=== EXERCISE DATA ===

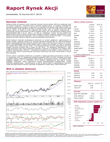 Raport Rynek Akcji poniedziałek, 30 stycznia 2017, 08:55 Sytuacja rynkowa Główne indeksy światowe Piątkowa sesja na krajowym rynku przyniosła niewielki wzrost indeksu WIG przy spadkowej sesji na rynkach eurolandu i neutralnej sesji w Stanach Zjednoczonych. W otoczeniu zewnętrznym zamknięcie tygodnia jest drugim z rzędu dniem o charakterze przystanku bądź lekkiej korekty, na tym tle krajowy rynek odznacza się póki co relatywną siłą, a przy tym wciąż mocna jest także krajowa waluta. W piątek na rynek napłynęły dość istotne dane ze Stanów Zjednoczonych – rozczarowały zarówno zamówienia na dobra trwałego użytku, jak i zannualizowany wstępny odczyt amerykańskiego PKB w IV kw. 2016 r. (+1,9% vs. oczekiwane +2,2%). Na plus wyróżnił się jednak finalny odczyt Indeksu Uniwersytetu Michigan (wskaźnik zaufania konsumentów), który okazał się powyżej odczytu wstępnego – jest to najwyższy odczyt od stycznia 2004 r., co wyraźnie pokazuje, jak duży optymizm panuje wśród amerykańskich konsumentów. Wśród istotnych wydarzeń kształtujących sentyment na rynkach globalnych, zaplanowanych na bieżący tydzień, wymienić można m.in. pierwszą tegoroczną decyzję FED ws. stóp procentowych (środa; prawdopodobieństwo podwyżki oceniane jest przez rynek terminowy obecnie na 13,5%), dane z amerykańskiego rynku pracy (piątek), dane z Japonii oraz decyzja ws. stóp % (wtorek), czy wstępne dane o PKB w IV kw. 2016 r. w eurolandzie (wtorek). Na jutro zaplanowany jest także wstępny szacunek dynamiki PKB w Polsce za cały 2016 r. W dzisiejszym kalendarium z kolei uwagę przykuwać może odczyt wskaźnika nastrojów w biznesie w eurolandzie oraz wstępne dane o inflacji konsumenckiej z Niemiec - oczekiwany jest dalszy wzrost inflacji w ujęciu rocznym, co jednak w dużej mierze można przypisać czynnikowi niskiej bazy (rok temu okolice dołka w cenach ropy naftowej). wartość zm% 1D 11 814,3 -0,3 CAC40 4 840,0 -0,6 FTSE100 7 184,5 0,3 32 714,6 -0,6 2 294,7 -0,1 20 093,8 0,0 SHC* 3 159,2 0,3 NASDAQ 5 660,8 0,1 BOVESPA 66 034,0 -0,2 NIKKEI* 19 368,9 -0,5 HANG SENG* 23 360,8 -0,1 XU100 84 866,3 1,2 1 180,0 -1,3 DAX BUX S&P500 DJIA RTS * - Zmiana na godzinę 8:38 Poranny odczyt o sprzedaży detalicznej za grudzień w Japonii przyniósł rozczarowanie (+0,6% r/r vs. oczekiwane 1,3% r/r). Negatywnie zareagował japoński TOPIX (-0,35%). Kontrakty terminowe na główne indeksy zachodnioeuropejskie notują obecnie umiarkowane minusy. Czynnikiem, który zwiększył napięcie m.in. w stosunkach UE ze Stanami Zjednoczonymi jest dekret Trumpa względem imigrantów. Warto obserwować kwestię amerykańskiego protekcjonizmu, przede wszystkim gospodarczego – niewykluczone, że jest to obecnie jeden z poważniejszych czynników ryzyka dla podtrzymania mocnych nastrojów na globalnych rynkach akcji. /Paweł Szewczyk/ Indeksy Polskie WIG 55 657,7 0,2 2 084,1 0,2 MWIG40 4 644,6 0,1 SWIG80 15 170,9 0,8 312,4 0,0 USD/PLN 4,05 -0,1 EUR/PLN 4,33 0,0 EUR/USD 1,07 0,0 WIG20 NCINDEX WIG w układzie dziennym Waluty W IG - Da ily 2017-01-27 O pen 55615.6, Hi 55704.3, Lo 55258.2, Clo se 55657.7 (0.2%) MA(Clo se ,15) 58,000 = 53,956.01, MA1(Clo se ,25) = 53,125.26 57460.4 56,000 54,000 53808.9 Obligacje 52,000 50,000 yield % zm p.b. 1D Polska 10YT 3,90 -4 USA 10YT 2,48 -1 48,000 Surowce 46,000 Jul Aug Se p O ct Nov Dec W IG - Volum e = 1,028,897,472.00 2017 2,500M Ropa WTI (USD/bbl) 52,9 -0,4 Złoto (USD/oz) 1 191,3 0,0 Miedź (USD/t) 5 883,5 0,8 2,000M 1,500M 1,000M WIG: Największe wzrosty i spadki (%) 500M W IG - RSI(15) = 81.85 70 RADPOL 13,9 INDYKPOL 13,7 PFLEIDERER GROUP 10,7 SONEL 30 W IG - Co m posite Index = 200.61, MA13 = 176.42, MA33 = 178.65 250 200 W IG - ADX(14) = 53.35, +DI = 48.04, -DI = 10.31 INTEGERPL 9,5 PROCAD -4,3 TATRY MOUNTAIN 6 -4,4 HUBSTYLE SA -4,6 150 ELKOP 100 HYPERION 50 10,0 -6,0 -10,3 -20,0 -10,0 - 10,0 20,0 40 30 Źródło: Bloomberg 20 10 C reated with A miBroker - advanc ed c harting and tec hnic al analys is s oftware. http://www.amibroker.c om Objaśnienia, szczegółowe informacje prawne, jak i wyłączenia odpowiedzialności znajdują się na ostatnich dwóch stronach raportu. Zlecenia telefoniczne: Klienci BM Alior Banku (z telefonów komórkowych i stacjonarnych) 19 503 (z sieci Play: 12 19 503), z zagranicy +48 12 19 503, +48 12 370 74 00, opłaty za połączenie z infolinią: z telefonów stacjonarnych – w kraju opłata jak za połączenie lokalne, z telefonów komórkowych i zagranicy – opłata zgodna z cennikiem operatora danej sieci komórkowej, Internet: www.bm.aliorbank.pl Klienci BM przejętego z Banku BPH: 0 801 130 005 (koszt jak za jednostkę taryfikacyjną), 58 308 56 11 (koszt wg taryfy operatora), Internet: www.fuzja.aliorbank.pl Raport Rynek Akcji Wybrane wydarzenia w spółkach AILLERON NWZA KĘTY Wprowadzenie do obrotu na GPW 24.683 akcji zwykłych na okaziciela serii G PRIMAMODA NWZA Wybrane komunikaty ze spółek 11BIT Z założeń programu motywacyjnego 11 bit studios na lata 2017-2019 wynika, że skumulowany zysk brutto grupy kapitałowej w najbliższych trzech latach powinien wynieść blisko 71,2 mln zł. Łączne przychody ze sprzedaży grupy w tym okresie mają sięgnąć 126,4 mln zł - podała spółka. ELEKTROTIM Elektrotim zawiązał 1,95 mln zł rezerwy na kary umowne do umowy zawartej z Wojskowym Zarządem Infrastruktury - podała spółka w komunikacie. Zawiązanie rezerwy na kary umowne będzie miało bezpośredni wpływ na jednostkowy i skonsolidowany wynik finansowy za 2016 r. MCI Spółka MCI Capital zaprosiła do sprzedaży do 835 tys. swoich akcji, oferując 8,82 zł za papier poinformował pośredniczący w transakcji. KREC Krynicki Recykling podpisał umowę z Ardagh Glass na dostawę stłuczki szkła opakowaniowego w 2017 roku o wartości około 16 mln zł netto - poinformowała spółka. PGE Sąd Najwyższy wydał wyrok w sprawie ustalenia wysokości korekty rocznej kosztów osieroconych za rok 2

...

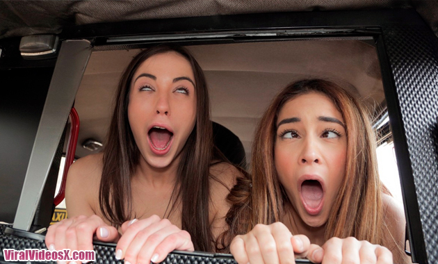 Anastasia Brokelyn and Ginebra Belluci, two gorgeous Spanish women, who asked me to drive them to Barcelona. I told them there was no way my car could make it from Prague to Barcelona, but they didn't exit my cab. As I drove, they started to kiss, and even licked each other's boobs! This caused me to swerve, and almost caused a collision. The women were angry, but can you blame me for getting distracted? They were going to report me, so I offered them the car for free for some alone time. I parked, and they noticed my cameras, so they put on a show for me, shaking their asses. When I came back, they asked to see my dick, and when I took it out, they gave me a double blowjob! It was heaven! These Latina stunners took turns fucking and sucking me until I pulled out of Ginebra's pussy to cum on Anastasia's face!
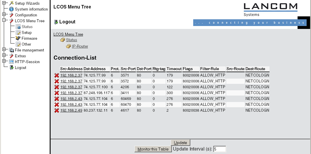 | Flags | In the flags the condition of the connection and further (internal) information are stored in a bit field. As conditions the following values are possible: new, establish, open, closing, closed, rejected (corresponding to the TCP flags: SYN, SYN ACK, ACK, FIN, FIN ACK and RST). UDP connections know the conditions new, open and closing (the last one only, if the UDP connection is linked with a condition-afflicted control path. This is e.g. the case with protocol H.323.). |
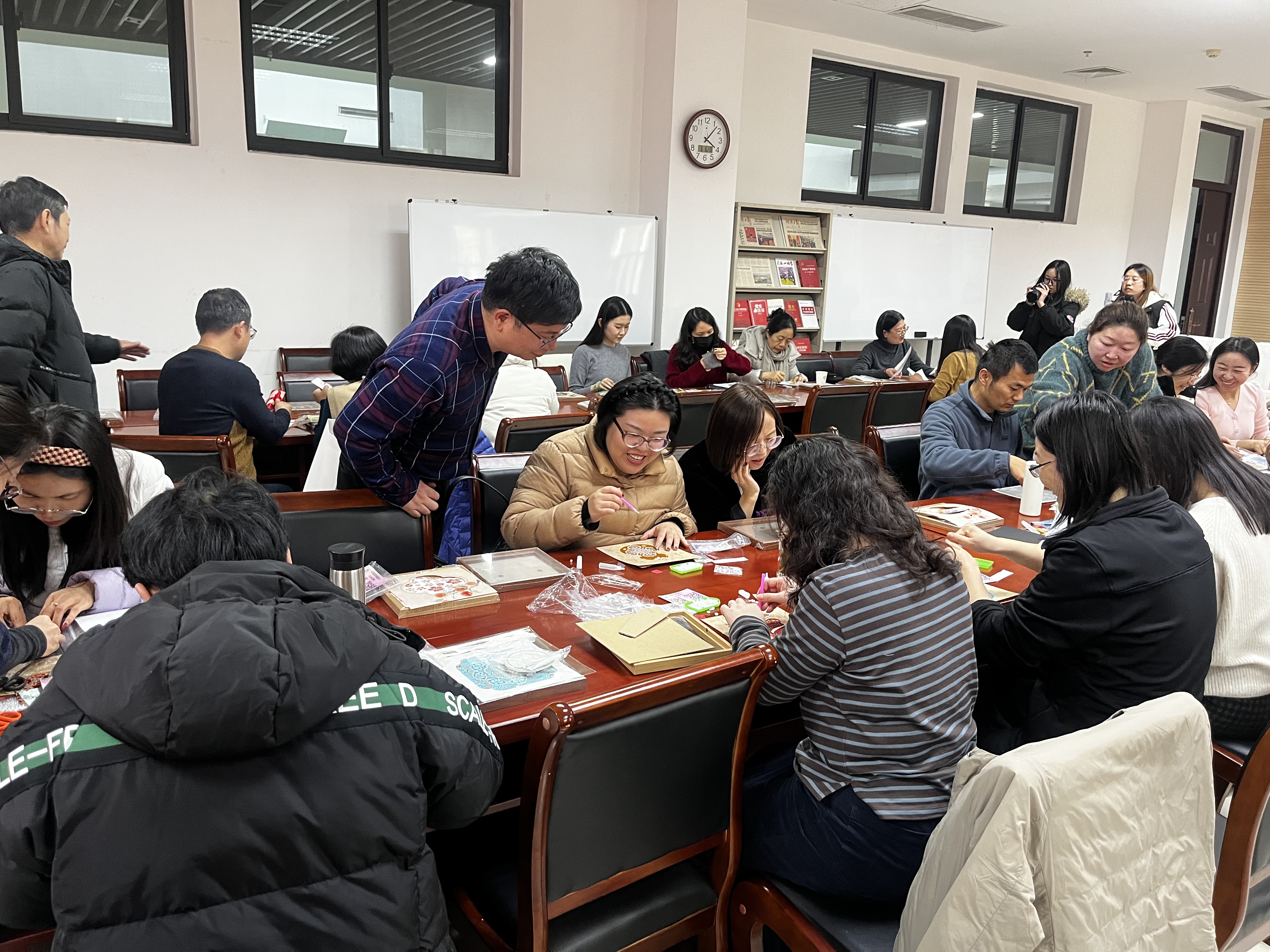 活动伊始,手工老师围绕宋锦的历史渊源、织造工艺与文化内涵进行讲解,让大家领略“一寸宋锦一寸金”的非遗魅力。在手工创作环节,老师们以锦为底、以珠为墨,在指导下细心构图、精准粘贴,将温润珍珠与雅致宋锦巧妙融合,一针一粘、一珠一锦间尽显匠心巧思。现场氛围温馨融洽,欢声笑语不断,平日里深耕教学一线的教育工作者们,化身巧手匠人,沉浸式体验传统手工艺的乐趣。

=== THE PROBLEM ===
Above are the records; copy exactly the lines from the one with "Anastasia Brokelyn and" through the one with "活动伊始,手工老师围绕宋锦的", including both, and nothing more. Leave out pictures.

=== EXERCISE ANSWER ===
 Anastasia Brokelyn and Ginebra Belluci, two gorgeous Spanish women, who asked me to drive them to Barcelona. I told them there was no way my car could make it from Prague to Barcelona, but they didn't exit my cab. As I drove, they started to kiss, and even licked each other's boobs! This caused me to swerve, and almost caused a collision. The women were angry, but can you blame me for getting distracted? They were going to report me, so I offered them the car for free for some alone time. I parked, and they noticed my cameras, so they put on a show for me, shaking their asses. When I came back, they asked to see my dick, and when I took it out, they gave me a double blowjob! It was heaven! These Latina stunners took turns fucking and sucking me until I pulled out of Ginebra's pussy to cum on Anastasia's face!
 | Flags | In the flags the condition of the connection and further (internal) information are stored in a bit field. As conditions the following values are possible: new, establish, open, closing, closed, rejected (corresponding to the TCP flags: SYN, SYN ACK, ACK, FIN, FIN ACK and RST). UDP connections know the conditions new, open and closing (the last one only, if the UDP connection is linked with a condition-afflicted control path. This is e.g. the case with protocol H.323.). |
 活动伊始,手工老师围绕宋锦的历史渊源、织造工艺与文化内涵进行讲解,让大家领略“一寸宋锦一寸金”的非遗魅力。在手工创作环节,老师们以锦为底、以珠为墨,在指导下细心构图、精准粘贴,将温润珍珠与雅致宋锦巧妙融合,一针一粘、一珠一锦间尽显匠心巧思。现场氛围温馨融洽,欢声笑语不断,平日里深耕教学一线的教育工作者们,化身巧手匠人,沉浸式体验传统手工艺的乐趣。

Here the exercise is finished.